ACTIVITY
Look in the data below for the line that has "Detail from Soviet", then print exactly every line from there through the line that has "However, the man", leaving pictures out.

TASK DATA
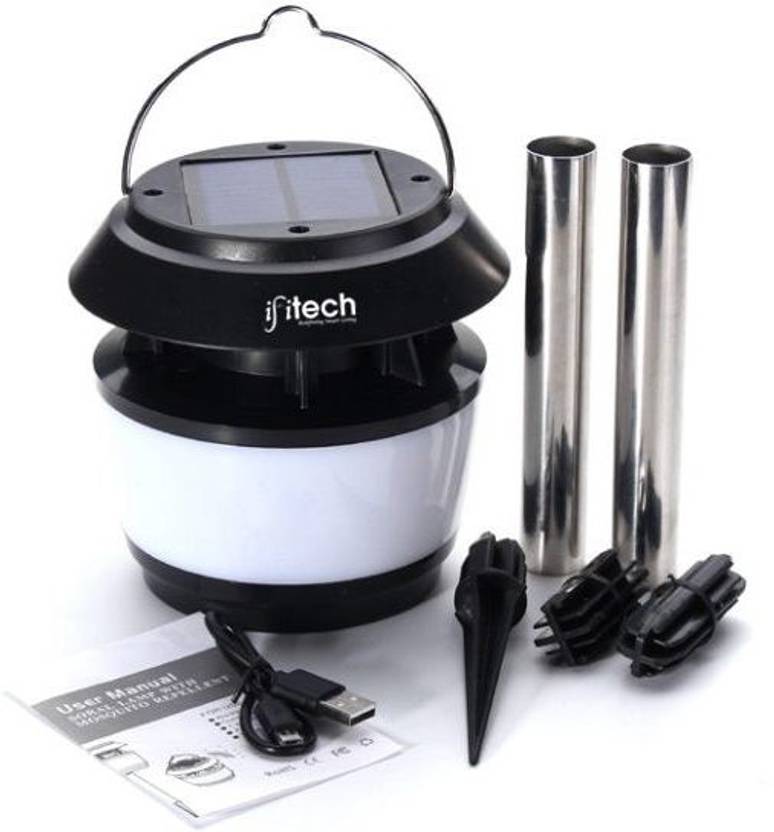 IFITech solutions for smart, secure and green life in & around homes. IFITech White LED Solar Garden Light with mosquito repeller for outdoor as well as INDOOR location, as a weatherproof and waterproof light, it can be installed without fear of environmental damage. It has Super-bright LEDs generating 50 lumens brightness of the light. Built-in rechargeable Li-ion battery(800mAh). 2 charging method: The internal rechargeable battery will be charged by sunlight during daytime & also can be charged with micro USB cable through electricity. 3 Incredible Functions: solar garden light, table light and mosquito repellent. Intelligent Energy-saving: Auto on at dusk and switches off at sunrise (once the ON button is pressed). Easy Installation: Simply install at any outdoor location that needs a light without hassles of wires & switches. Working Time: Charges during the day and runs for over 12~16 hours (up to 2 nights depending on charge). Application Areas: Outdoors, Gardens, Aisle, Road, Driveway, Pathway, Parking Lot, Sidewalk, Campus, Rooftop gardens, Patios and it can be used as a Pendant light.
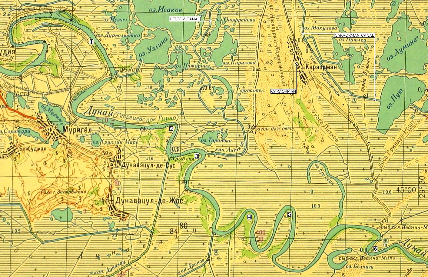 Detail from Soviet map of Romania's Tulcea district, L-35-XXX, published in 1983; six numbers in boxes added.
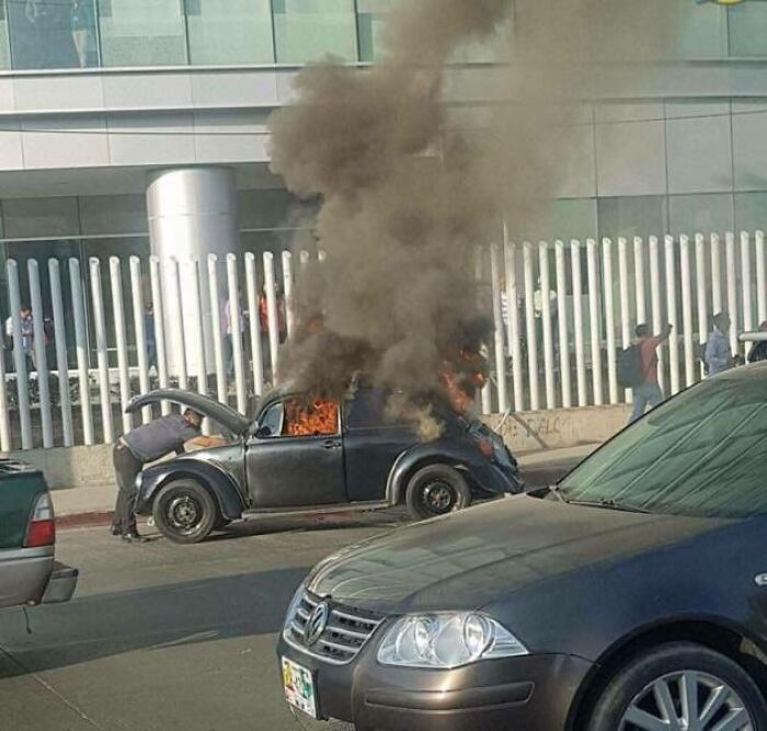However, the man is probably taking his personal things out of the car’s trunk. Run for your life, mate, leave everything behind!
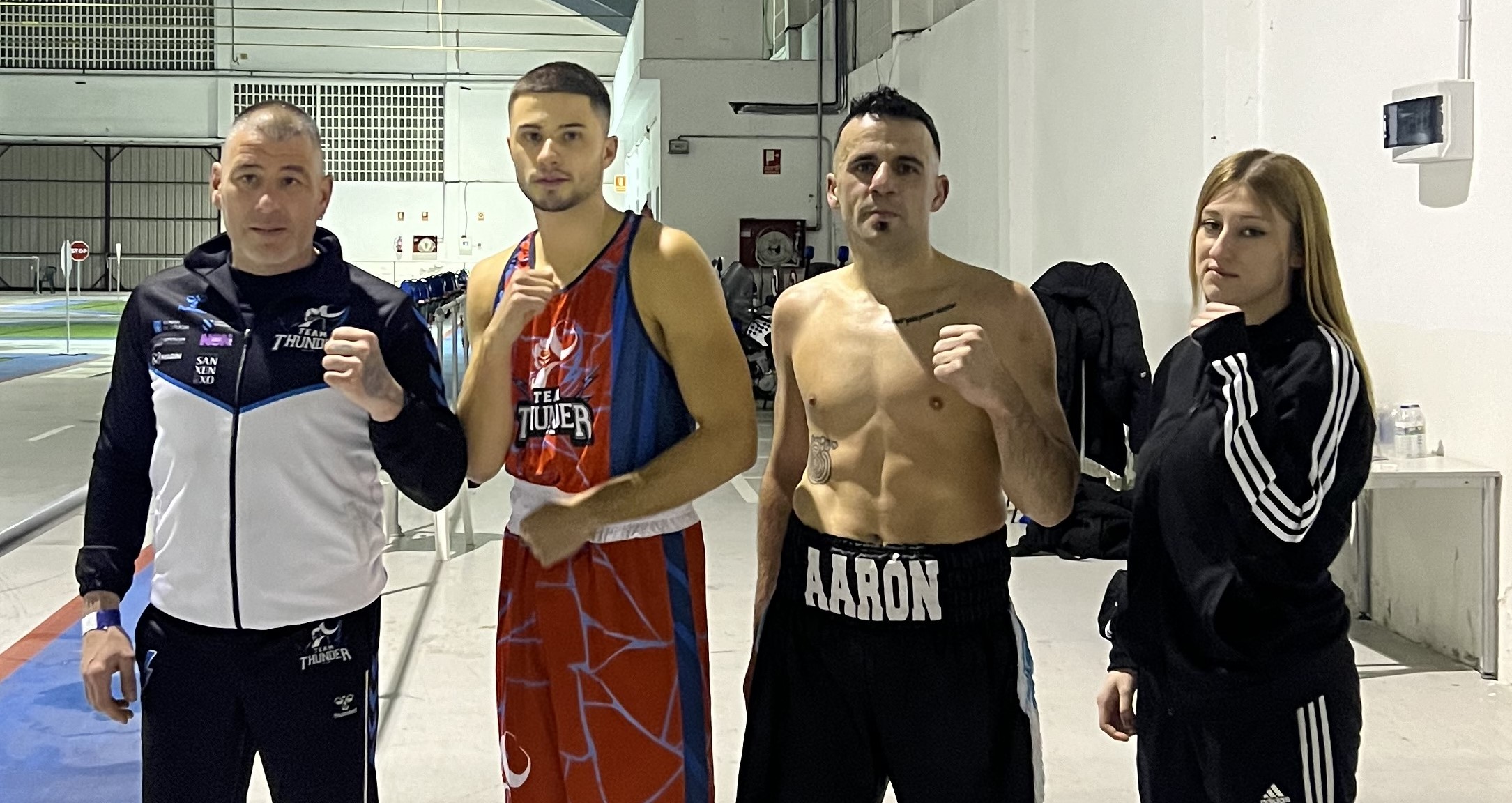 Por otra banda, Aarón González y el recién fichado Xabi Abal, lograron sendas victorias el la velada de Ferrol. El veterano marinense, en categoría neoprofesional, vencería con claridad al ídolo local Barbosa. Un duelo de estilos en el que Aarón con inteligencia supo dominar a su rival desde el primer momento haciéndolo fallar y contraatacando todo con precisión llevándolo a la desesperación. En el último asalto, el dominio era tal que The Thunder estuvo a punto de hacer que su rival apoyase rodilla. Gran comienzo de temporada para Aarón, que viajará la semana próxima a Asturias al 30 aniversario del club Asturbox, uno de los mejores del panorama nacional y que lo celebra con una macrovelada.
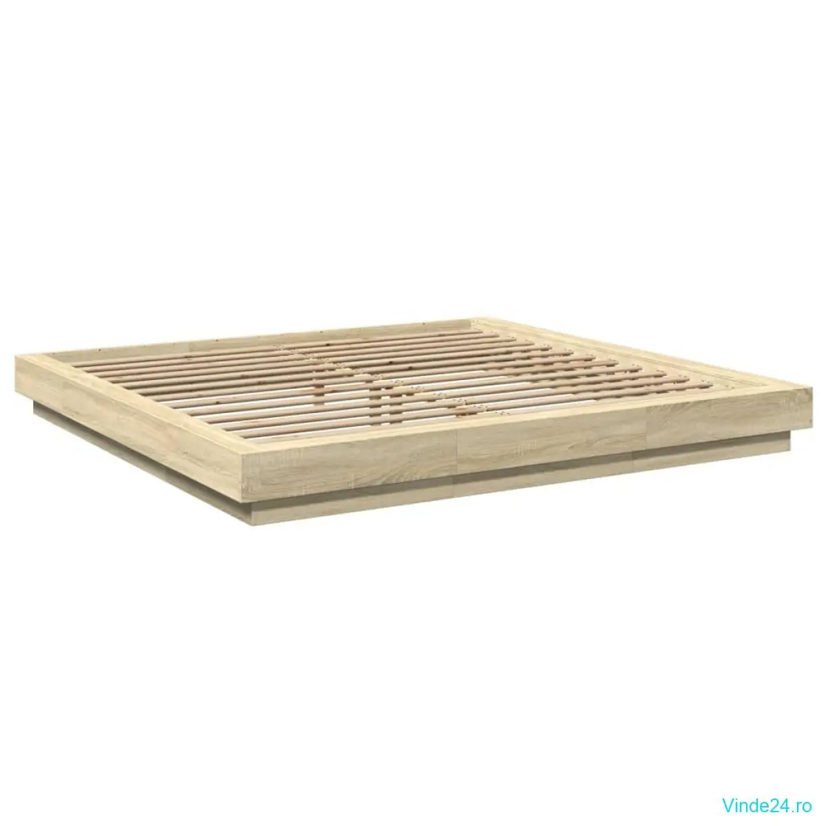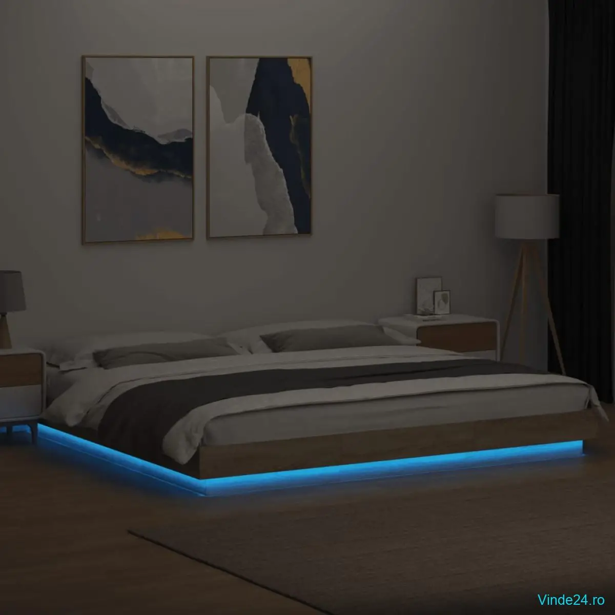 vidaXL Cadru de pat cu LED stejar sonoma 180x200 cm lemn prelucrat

---

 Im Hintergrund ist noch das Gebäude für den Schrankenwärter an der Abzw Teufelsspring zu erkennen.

---

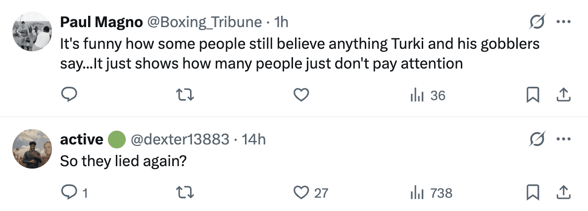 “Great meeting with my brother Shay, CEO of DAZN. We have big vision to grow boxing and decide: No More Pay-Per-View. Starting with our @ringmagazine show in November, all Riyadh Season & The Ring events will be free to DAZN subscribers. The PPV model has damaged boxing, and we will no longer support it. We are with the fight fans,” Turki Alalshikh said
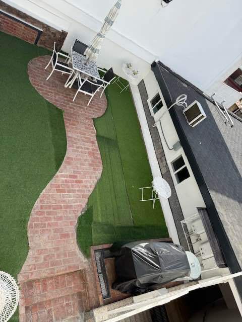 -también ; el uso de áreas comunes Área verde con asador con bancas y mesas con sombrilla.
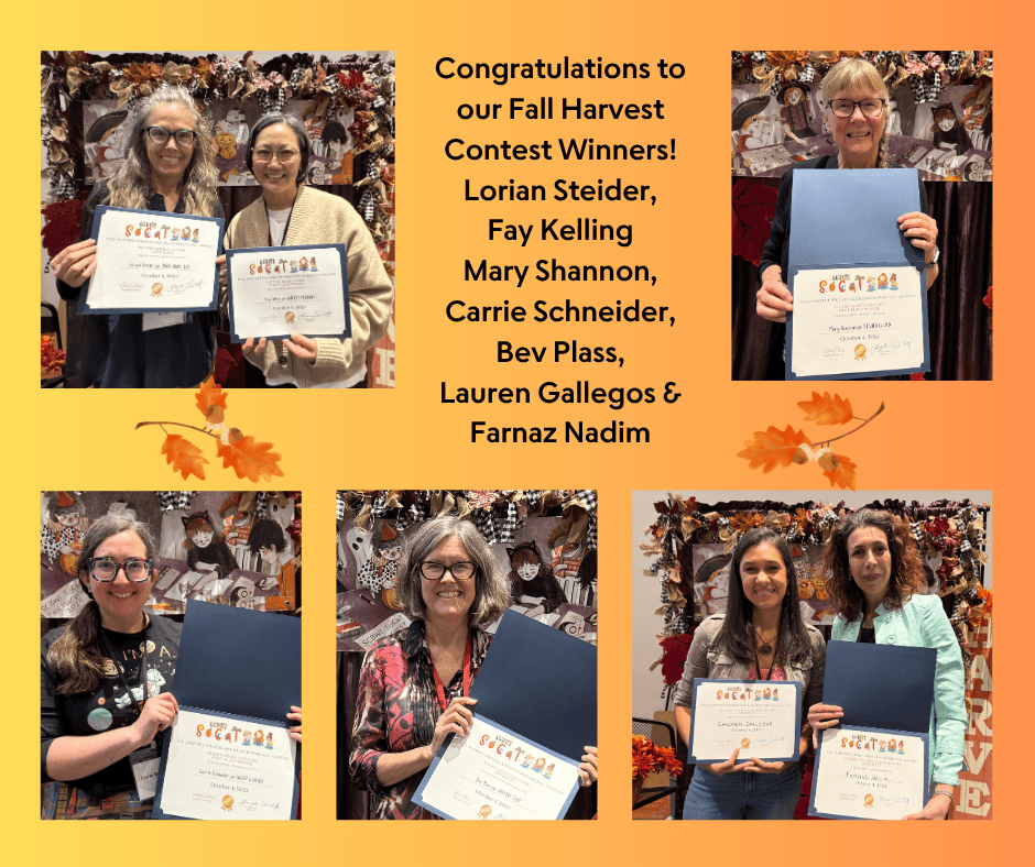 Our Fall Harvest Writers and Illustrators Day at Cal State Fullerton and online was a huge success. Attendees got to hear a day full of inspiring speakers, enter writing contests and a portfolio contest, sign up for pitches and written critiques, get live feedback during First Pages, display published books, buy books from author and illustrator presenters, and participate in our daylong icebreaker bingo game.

RESPONSE TO THIS TASK
 Detail from Soviet map of Romania's Tulcea district, L-35-XXX, published in 1983; six numbers in boxes added.
However, the man is probably taking his personal things out of the car’s trunk. Run for your life, mate, leave everything behind!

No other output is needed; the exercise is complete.